Tweaking its portfolio once again, VF Corp. on Wednesday said it has a definitive agreement to sell some of its work apparel brands to a subsidiary of holding company Redwood Capital Investments, for an unspecified amount.
The transaction is expected to close in the first quarter of fiscal 2022, subject to customary closing conditions and regulatory approvals, according to a company press release. Terms of the agreement were not disclosed.
The brands represent the occupational workwear portion of VF's work segment and include Red Kap, VF Solutions, Bulwark, Workrite, Walls, Terra, Kodiak, Work Authority and Horace Small, the company said. The sale doesn't include Dickies or Timberland PRO.
Changing up its stable of brands has become a habit at VF. The company made a splash when it acquired cult brand Supreme in November for $2.1 billion — a feat that has stayed a bit under the radar thanks to the ongoing turmoil from the pandemic.
But the company has been scrutinizing and steadily reshaping its portfolio since its 2018 spinoff of classic denim brands Wrangler and Lee. The brands being unloaded now have sported a "for sale" sign for more than a year. In a statement, CEO Steve Rendle reiterated that the move "reflects our continued focus on transforming VF into a more consumer-minded and retail-centric enterprise while further simplifying our portfolio and operating model."
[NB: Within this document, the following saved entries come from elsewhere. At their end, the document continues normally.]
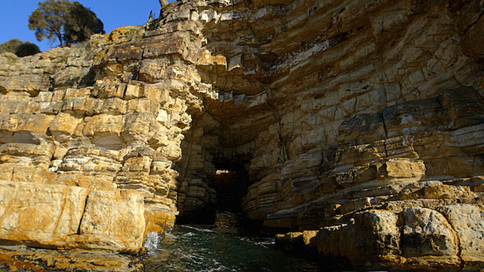 As we circumnavigate Betsey Island, Hope Beach comes into view. This isolated beach is known for its large breaks and offshore winds. We cruise close in to the shore and feel the swell surging straight from the Southern Ocean; these conditions make this a favourite spot with local surfers.
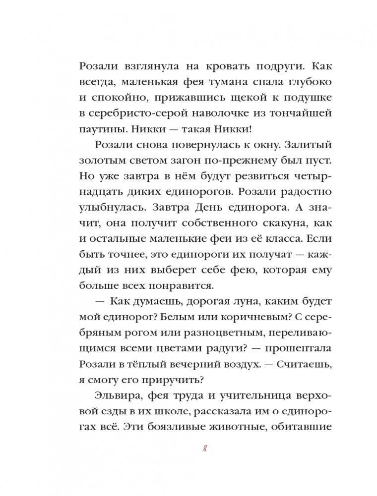 «День единорога» с первого взгляда погружает в волшебную атмосферу магической школы фей — её очаровательная обложка украшена сверкающими блёстками, а внутри вас ждут милые цветные иллюстрации! Всё это, а также небольшие объёмы текста, крупный шрифт и захватывающий сюжет, сделают эту книгу прекрасным подарком для любой юной читательницы и любительницы волшебства.
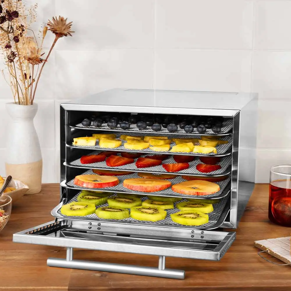 - 5 high-quality stainless steel dehydrating grids (W 25.8 x D 20.5 cm), dehydrate different foods at the same time, but separately from each other

The strategy appears to be working, and analysts don't seem to be holding its overall pandemic-era weakness against it. Its North Face label has been a stand-out, reaping benefits from the "gorpcore" trend, as consumers embrace outdoor activity. Most analysts even dismiss troubled sales at skate footwear brand Vans as a temporary blip because kids have been forced to attend school from home, and are anticipating a boost from skateboarding's debut as an Olympic event in Tokyo (if the games are held). Timberland, with lean pandemic-induced inventory, also appears to be turning around, according to Wells Fargo analysts led by Ike Boruchow.
In all, Wells Fargo sees the conglomerate as "one of the most consistent and well-run operations over the long-term."
"VFC has been a notable laggard in our space since COVID hit," Boruchow wrote in a client note last month. "Since the start of 2020, VFC is the worst-performing stock in our coverage, but we think that the company's portfolio is actually healthy and poised for upside."